If patients are randomly assigned to psychiatrists and if all psychiatrists provide equivalent care, then the mean length of stay should be roughly the same for each psychiatrist. The blue bars in Figure 14.10 show the mean length of stay of the patients for each of the psychiatrists—it ranges from less than 10 days (Psychiatrist 1) to more than 25 days (Psychiatrist 12). Either differences in the effectiveness of the psychiatrists exist or some psychiatrists had more or less than their fair share of hard-to-treat patients.

image
Figure 14.12: Figure 14.10 Actual and Predicted Length of Stay for Patients Treated by Different Psychiatrists Multiple regression was used to calculate the predicted length of stay for each patient. Comparing the two means allows one to speculate about a psychiatrist’s skills.
(Data from Huntley, Cho, Christman, & Csernansky, 1998.)

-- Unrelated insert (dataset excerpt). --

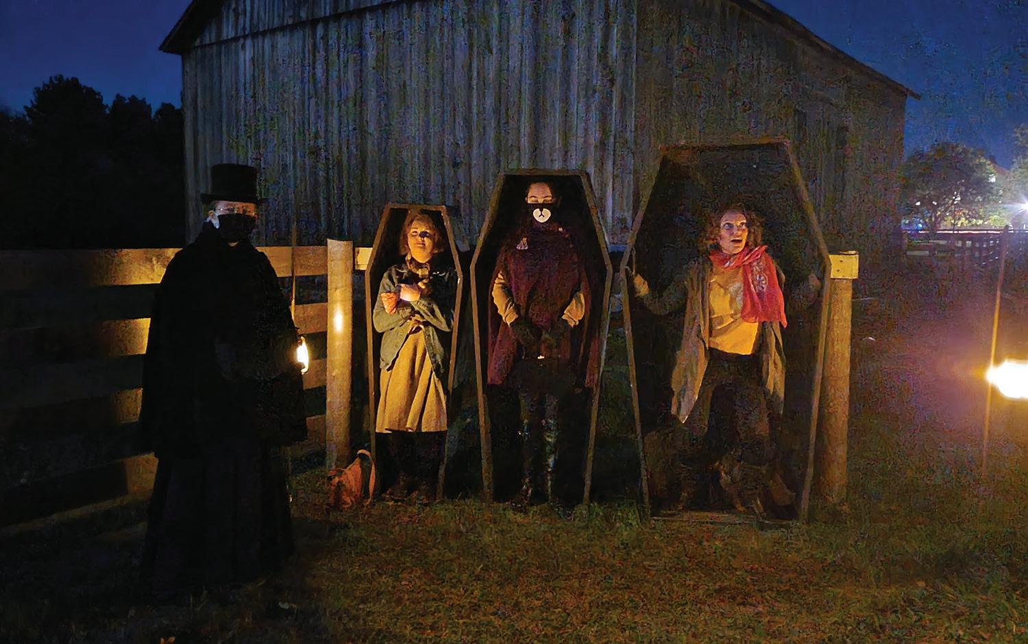 top: A family enjoys the Halloween decorations and displays at Old World Wisconsin. middle: These youngsters take in the Halloween décor, including this stack of pumpkins. at right: Costumed performers at the history museum stand inside coffins as they tell their “legendary” stories to guests.

How could one tell if a psychiatrist were assigned difficult or easy patients? Difficult patients should have a longer predicted length of stay. So, calculating the mean predicted length of stay for each psychiatrist should answer that question. The grey bars in Figure 14.10 show the mean predicted length of stay corresponding to each psychiatrist.

Look at Psychiatrist 1. Earlier, when the focus was only on the blue bars showing actual length of stay, he appeared to be doing a good job because his patients had the shortest length of stay. Now, looking at the grey bar, it is apparent that this psychiatrist was assigned the healthiest patients. No wonder he discharged them quickly.

560

The two bars, one the actual length of stay and the other predicted by multiple regression, allow us to think about this psychiatrist’s performance in a more complex fashion. Psychiatrist 1’s patients have a mean length of stay around 8 days but are predicted to need approximately 11 days. Why the difference? There are three likely explanations, two of which involve his skills and one that involves multiple regression. First, perhaps he is a phenomenal psychiatrist and cures people quickly. It could happen. Second, maybe he is a terrible psychiatrist who can’t assess patients’ progress and discharges them before they are ready. That could happen, too. Third, maybe there are errors in prediction. Maybe this is especially true for the healthier cases and their lengths of stay are overestimated.

Whatever the explanation turns out to be, this study shows how multiple regression is used in psychology and how predictions are made and utilized. Regression, either simple or multiple, is a useful tool that helps researchers understand their results in more detail.